The figure above shows the Lento-Plot for the provided plant data set from Huber et.al. 2001(a)

The figure above shows the Lento-Plot for the provided viral DNA data set where the collection of splits was obtained via direct encoding.

The figure above shows the Lento-Plot for the provided viral DNA data set where the collection of splits was obtained via Hadamard conjugation.

In the Lento-plots displayed above, each split is identified by dots corresponding to the sequences of the smaller of the split subsets, as identified on the right of the plot. (However note in these displays, not all sequences are identified within the display window.) As the singleton splits cannot have any conflict, they have no bar below the X-axis. If the user wishes to infer an evolutionary tree, then a greedy approach is to select splits from the Lento-plot starting from the left, and adding each successive split which is compatible with splits already selected. (This process will identify at most each of the n singletons and n-3 informative sites, where n is the number of sequences.) The selection should also be guided by the conflict values, so that in the plant data set, the splits ranked 11, 12 and 15 may be rejected in favour of the adjacent splits with smaller conflict values.


Hadamard Conjugation/Spectral Analysis

When sequences are derived from an evolutionary tree T, according to some model of nucleotide point substitution, then there can be an expected occurrence of splits in the observed sequence which are not splits of T. Apart from sampling error, there is also a consistent pattern of splits due to parallel and multiple substitutions at a given site. (These effects give rise to the "inconsistency" problem with Maximum Parsimony (Felsenstein 1981) and some other tree building algorithms.) For the symmetric 2ST and 3ST substitution models of Kimura (Kimura 1980, 1981) and the simpler one parameter model of Jukes and Cantor 1969 these effects can be corrected for using Hadamard conjugation (Hendy and Penny, 1989, Hendy et.al. 1994, Steel et.al. 1998). Hadamard conjugation estimates the historical number of substitutions from the observed difference between the sequences. It does not require knowledge of T (but this can be inferred from the data), but it does require the full sequence data, that is including the number of invariant and singleton sites. If the invariant and singleton sites are not presented then an error message (indicating negative entries for a log function call) will result.

The Hadamard conjugation is an exponential order algorithm (values must be computed for each of the potential 2n-1 splits among n sequences before inversion can occur) so it is practical only for analyses of up to around n=25 sequences.

After Hadamard conjugation, the support values for each split are estimates of expected numbers of substitutions, most splits (which probably didn't occur) will be represented by values very close to 0. The values which have support below a threshold (the default value corresponds to the expected number of 0.1 substitutions across the full sequences) do not get reported.
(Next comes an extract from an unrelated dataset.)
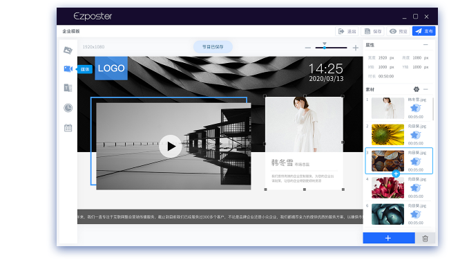 基于局域網(wǎng),是為中小企業(yè)量身定制的輕應(yīng)用信息發(fā)布管理軟件,即裝即用,方便簡單;高品質(zhì)內(nèi)容,五分鐘制作;區(qū)域設(shè)備,一鍵發(fā)布,省去部署、培訓(xùn)及維護成本,廣泛適用于小型餐飲、政企、展覽展示、酒店、商場、電影院等場景。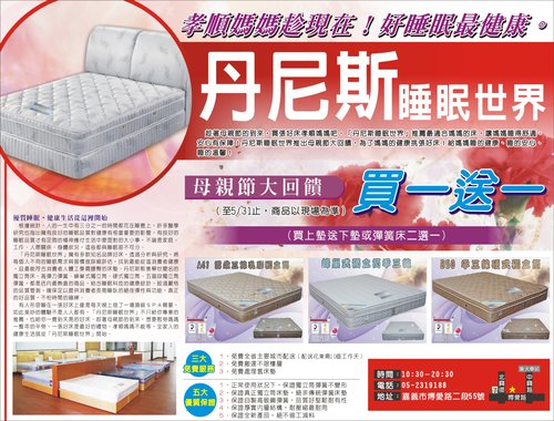 趁著母親節的到來,買張好床孝順媽媽吧,「丹尼斯睡眠世界」推薦最適合媽媽的床,讓媽媽睡得舒適、安心有保障!丹尼斯睡眠世界推出母親節大回饋,為了媽媽的健康挑張好床!

The corrected values should in general be close to the observed values, however there can be some significant changes in some of them, which can affect the ranking of the splits in a Lento-plot. If the data has been derived from an evolutionary tree then we generally find the corrected data is more tree-like.


Median Networks

Although median networks have been known in the subjects of Discrete Mathematics and algebra for many years, they were introduced as a tool for phylogenetic analysis by H.-J. Bandelt only in 1994. Since then, they have been successfully used in the analysis of human mitochondrial data (c.f. Bandelt et.al. 1995, Saillard et.al. 2000, Watson et.al. 1997) and chloroplast data (Huber et.al. 2001(a)).

The underlying idea of a median network is to generate for every three taxa, represented as finite binary sequences, a hypothetical ancestral sequence, called their median, by applying the majority rule to every column of the three aligned sequences (once constant columns and multiple copies of columns that give rise to the same split, i.e. bipartition, of the taxa set have been removed). For example after aligning the the three sequences 011, 101, and 110 as done below, their median can be quickly determined as being the sequence 111.

                 011
                101
               110
median: 111

Clearly, the median is always a binary sequence and is always unique. Moreover it might be that one of the taxa in the triplet is the median of the triplet. For example, the median of the sequences 110, 111, and 011 is the sequence 111.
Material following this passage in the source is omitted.